Не хотелось говорить – хотелось молчать, молчать и думать. Но думать о чём-нибудь таком очень особенном, свеже новом, совершенно непривычном для тебя, возможно, в то же время мечтая, грезя, напевая близкую твоему сердцу мелодию. Афанасий Ильич почуял – в груди становилось светло, тихо и как-то – не тотчас определил он ощущение – радостно-печально. И не радостно вполне, и не печально совершенно, но в слитной согласности стали жить в нём эти противоположные чувства.

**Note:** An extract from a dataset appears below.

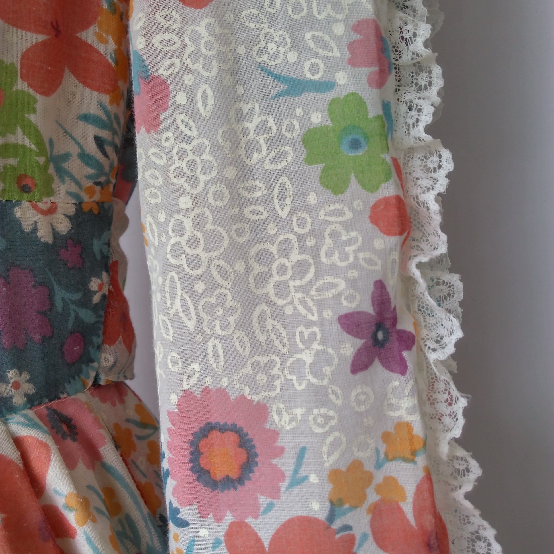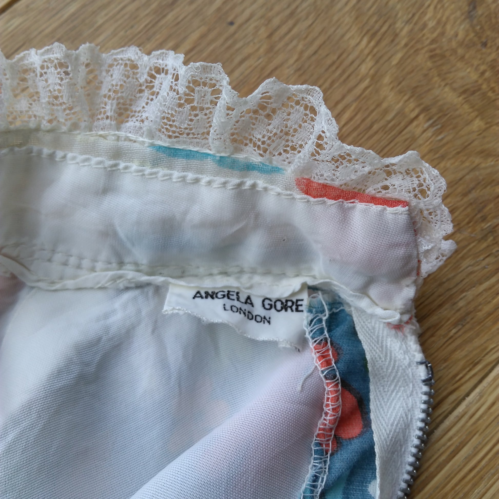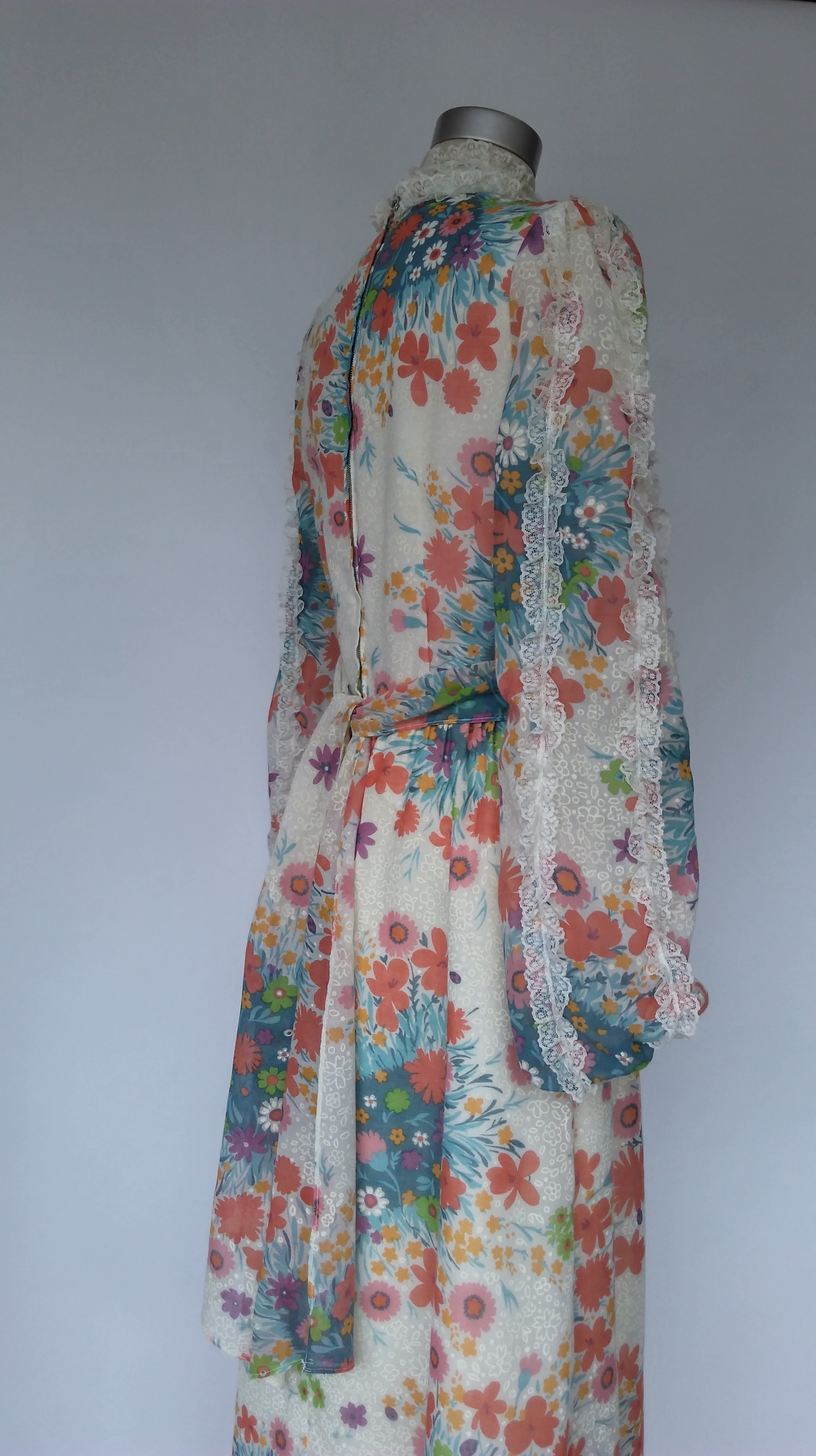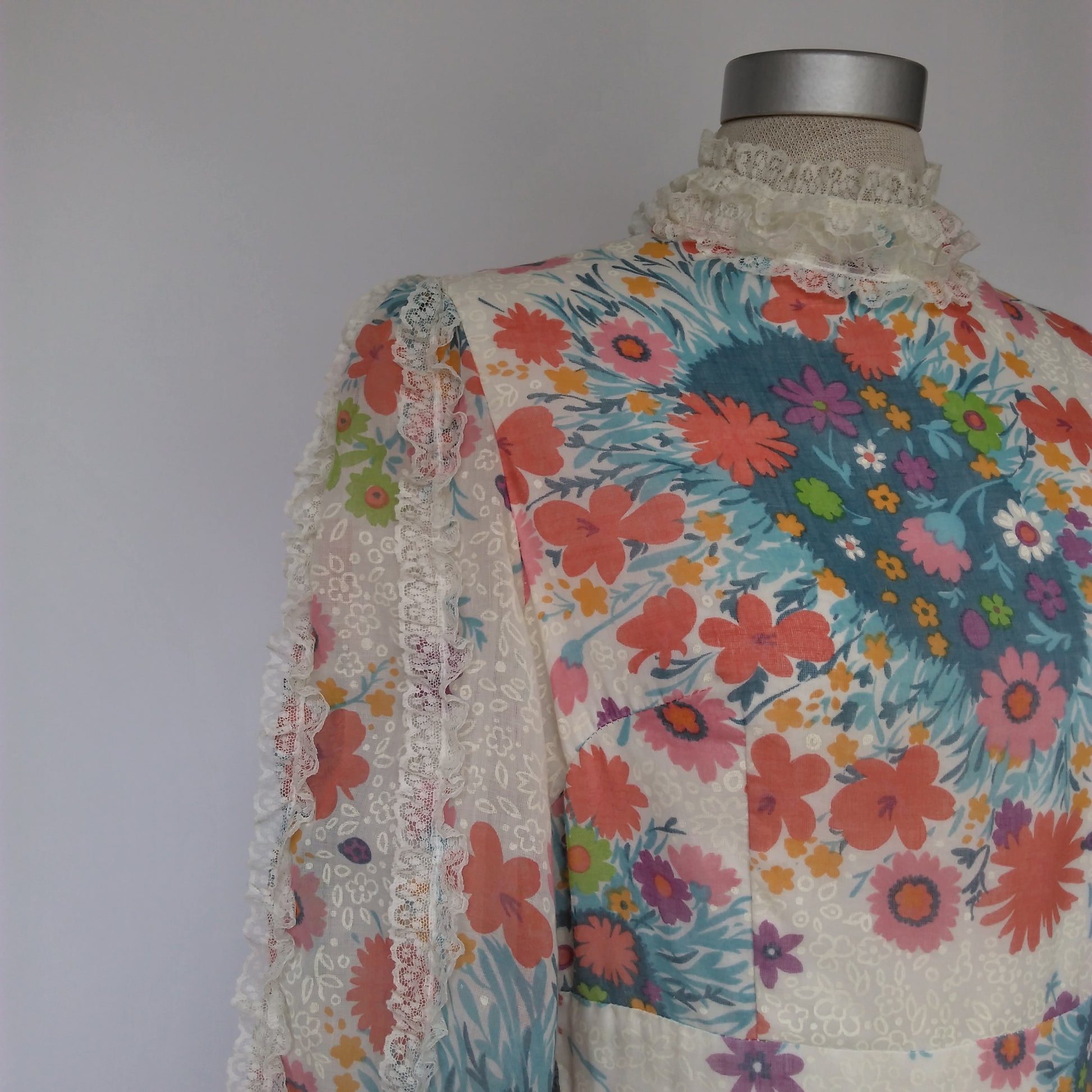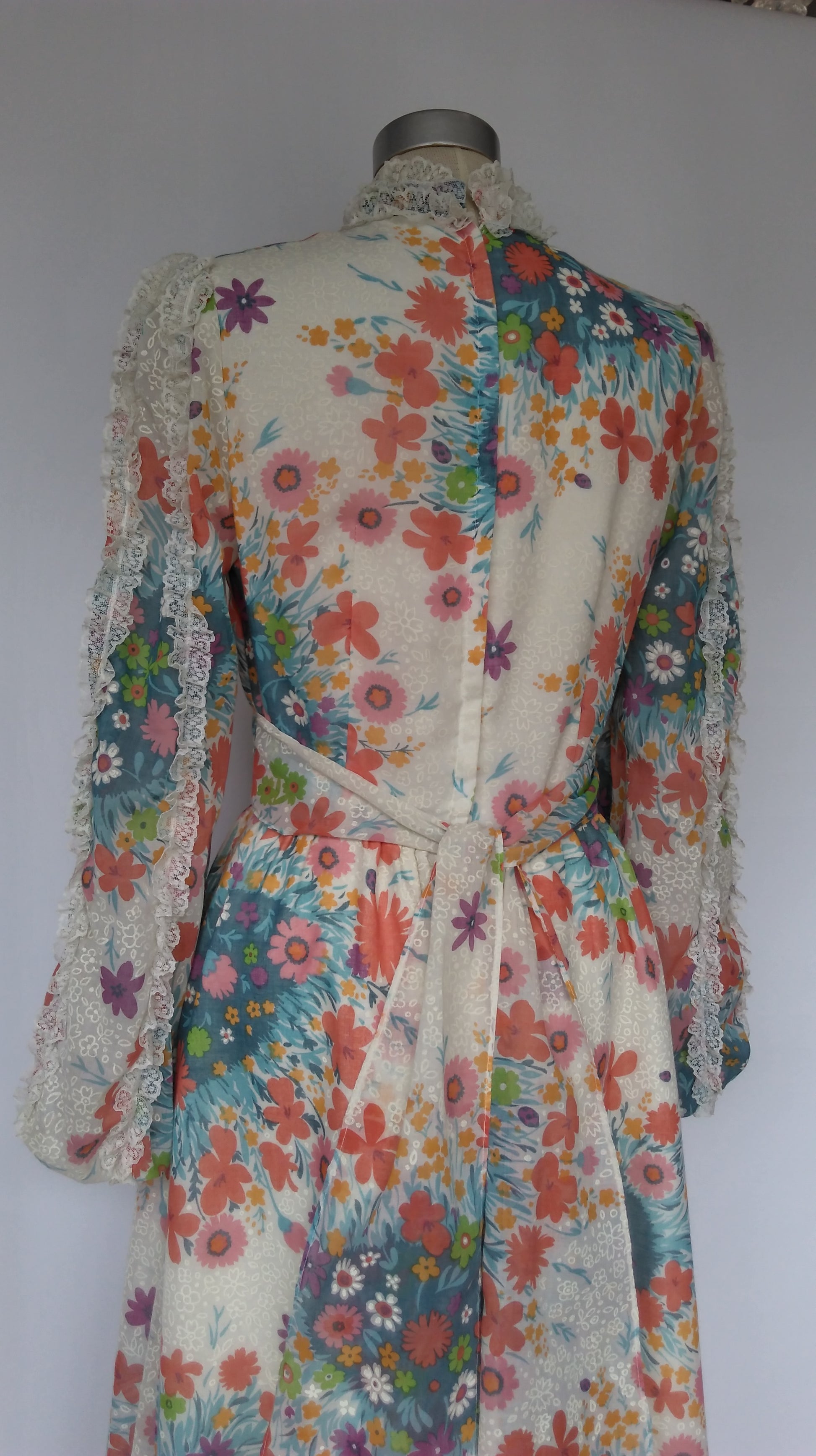 This is a 1960s/70s pretty floral maxi dress by Angela Gore, London label. In a 'Victorianna' style popular in the late 60s early 70s, which is also so wearable now, it would grace any Summer occasion. Perhaps even tripping to the shops with a straw basket?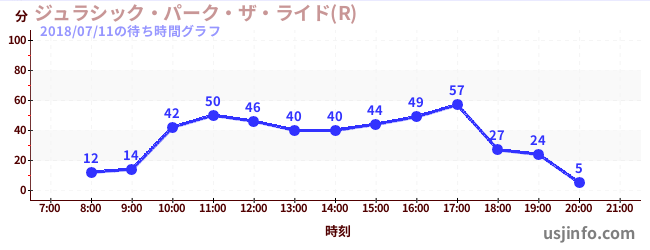 • ジュラシック・パーク・ザ・ライド(R)$B$N(B2018年07月11日の待ち時間

«И у меня, может быть, душа очувствовалась?» – подумал он, невольно чутче прислушиваясь к себе.
Но он отчего-то не хотел, чтобы эта мысль выглядела серьёзной, важной для него, – не удержался: усмехнулся. Но усмехнулся всего лишь по привычке своей давней и осознаваемой нередко неприятной.
«Он меня, кажется, молодым назвал? Так, наверное, всё ещё и есть. Молодо-зелен я. Но, конечно, надо бы уже взрослеть, остепеняться и, что ли, торить в жизни какой-то, что ли, свой путь. Надо бы. Конечно, надо бы».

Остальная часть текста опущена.